Instruments of international understanding

Exchange programs featuring German and Israeli students and other young persons constitute one of the most important channels of the two countries' relations. This importance led to the founding in 2001 of ConAct. Based in Wittenberg, this dedicated office of coordination fosters exchanges of youth, with this including specialists in the provision of out-of-school vocational education.

The Scholarship Program provides participants with a way of intensively getting to know the respective partner country. The Program was founded in 2000 by Johannes Rau, Germany's President, in order to “take a joint and searching look at the past and at the future”. The scholarships awarded over the past 15 years have enabled especially gifted and dedicated Israeli high school students to spend two weeks in Germany. In April 2012, traffic started flowing the other way. Responding to an invitation from Israel's Foreign Ministry, 40 German high school students visited Israel. Such initiatives are causing the number of such young “ambassadors” from Germany and Israel visiting each other to grow steadily.

Voluntary services

As is the case with German-Israeli youth exchange programs, the history of the voluntary services starts in the 1950s. The extent of the programs' fostering of international understanding and of  the reconciliation of Israel with Germany can not be overestimated. The first of such services was the Action Reconciliation Service for Peace (Aktion Sühnezeichen Friedensdienste – ASF). It has since been followed by a number of others, of which some are religious in nature. One of these services is Other Services Abroad (Andere Dienst im Ausland – ADiA). Founded in 1986 and run by the German public sector, ADiA – as is the case with ASF – has enabled a large number of young Germans to visit Israel. The organizations share a common goal: fostering peaceful coexistence.

In 2010, the Come with-Nadev program was launched. It allows young Israelis to render voluntary services during a 12 month stay in Germany. The program's objectives are to strengthen the relationships between Germans and Israelis, with this especially involving young persons. The program sends some 15-20 young Israelis a year to Germany.

Other important services in Germany are the Voluntary Social and Ecological Years. Founded in 2011 was the state-supported International Youth Voluntary Exchange (acronym in German: “IJFD”). The IJFD has dispatched more than 600 young volunteers to Israel, putting the country at worldwide peak of those to which the service has sent young persons.

All told, the large number of  programs maintained by German organizers and by their partners in Israeli permit several hundred Germans to render voluntary services in Israel each year.
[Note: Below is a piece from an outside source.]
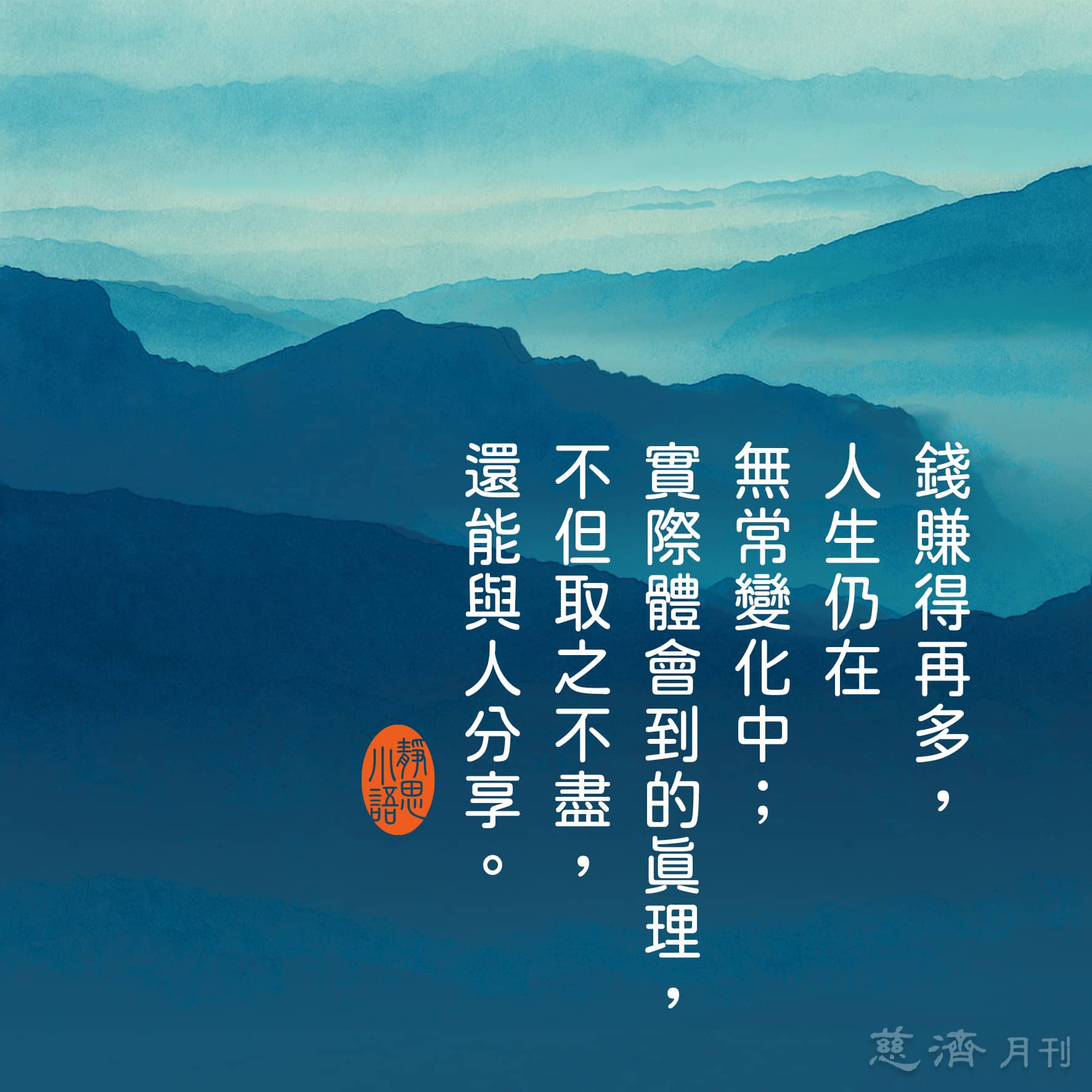 【靜思小語】錢賺得再多,人生仍在無常變化中;實際體會到的真理,不但取之不盡,還能與人分享。

The objectives of such programs are as variegated as their natures: fostering friendly relationships, international understanding, confrontations with the Holocaust and its consequences, eradication of biases and the development of in-depth insights into Israel.

A new German-Israeli voluntary service is planned to be launched in 2015/2016. Its job will be to increase the number of young volunteers from Israel working in Germany. This, in turn, will further the fostering of contacts between young Israelis and Germans.